WHAT IS REQUIRED.
After locating the line that bears "WIN-xxxxxorDESKTOP-xxxxxformat (length not", restate word for word that line and the rest of the listing to its final line, excluding all pictures.
── DATASET EXCERPT
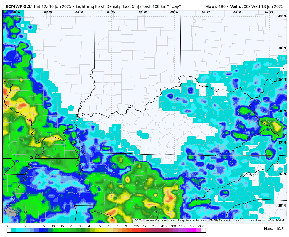 Storm chances come down a bit later Monday and Tuesday before going right back up later next week, likely continuing into the following week. Here’s the EURO…
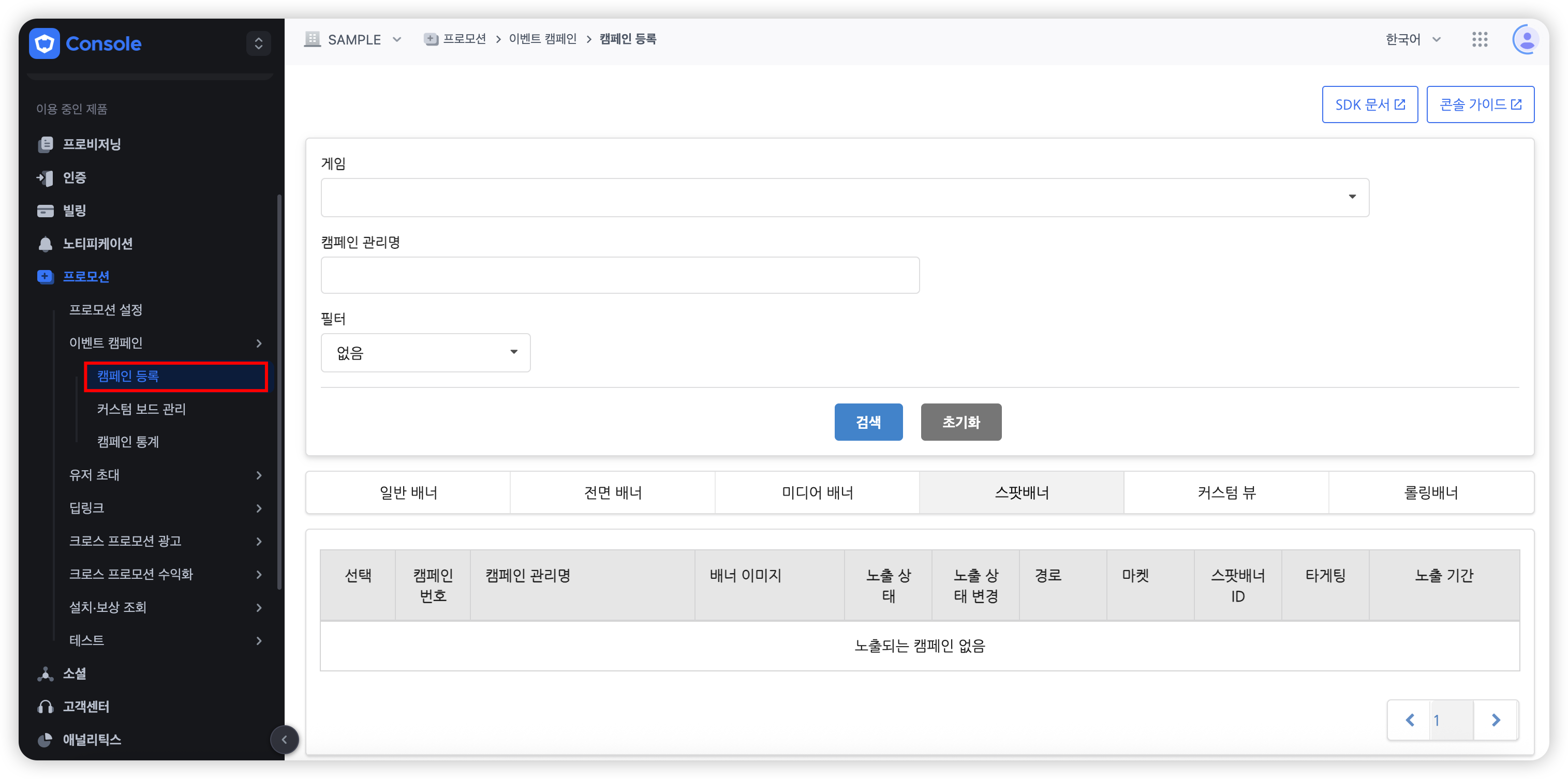 프로모션 -> 이벤트 캠페인 -> 캠페인 등록 -> 게임 선택 -> 스팟 배너 -> 캠페인 등록을 클릭합니다.
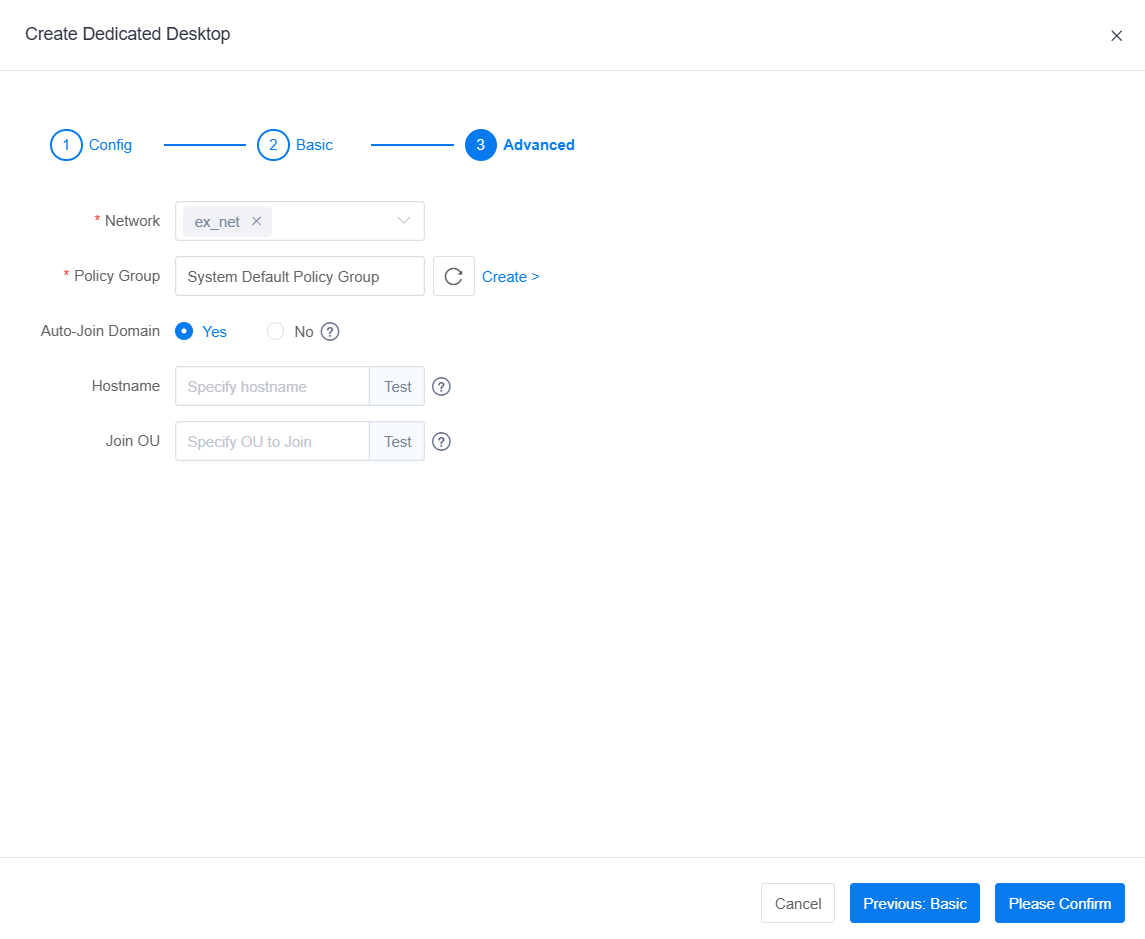 WIN-xxxxxorDESKTOP-xxxxxformat (length not exceeding 15 characters). - Create Template: Does not support specifying hostname.
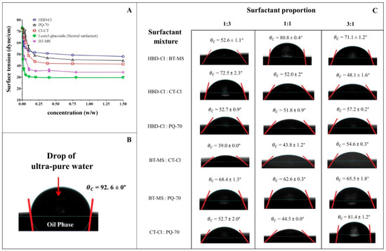 In contrast, Figure 2B indicates that the boundary generated between the water and the oil phase has a hydrophobic interface of θc = 92.6°, [20,21,23], which decreases when the surfactants were incorporated into the aqueous phase (Figure 2C). Such a marked decrease was more evident in the mixtures that contained the CT-Cl surfactant, as opposed to the mixtures containing the HBD-Cl or PQ-70 surfactants. These results prove very interesting, considering that the largest proportion of the oil phase is made up of cetearyl alcohol and coconut caprylate, which are fatty compounds with alkyl chains composed of 14–16 carbon atoms. It seems the cetrimonium chloride (CT-Cl) surfactant, which has an alkyl chain length of 14 carbon atoms, is the emulsifier with a higher affinity to the oil phase.
────
RESPONSE.
 WIN-xxxxxorDESKTOP-xxxxxformat (length not exceeding 15 characters). - Create Template: Does not support specifying hostname.
 In contrast, Figure 2B indicates that the boundary generated between the water and the oil phase has a hydrophobic interface of θc = 92.6°, [20,21,23], which decreases when the surfactants were incorporated into the aqueous phase (Figure 2C). Such a marked decrease was more evident in the mixtures that contained the CT-Cl surfactant, as opposed to the mixtures containing the HBD-Cl or PQ-70 surfactants. These results prove very interesting, considering that the largest proportion of the oil phase is made up of cetearyl alcohol and coconut caprylate, which are fatty compounds with alkyl chains composed of 14–16 carbon atoms. It seems the cetrimonium chloride (CT-Cl) surfactant, which has an alkyl chain length of 14 carbon atoms, is the emulsifier with a higher affinity to the oil phase.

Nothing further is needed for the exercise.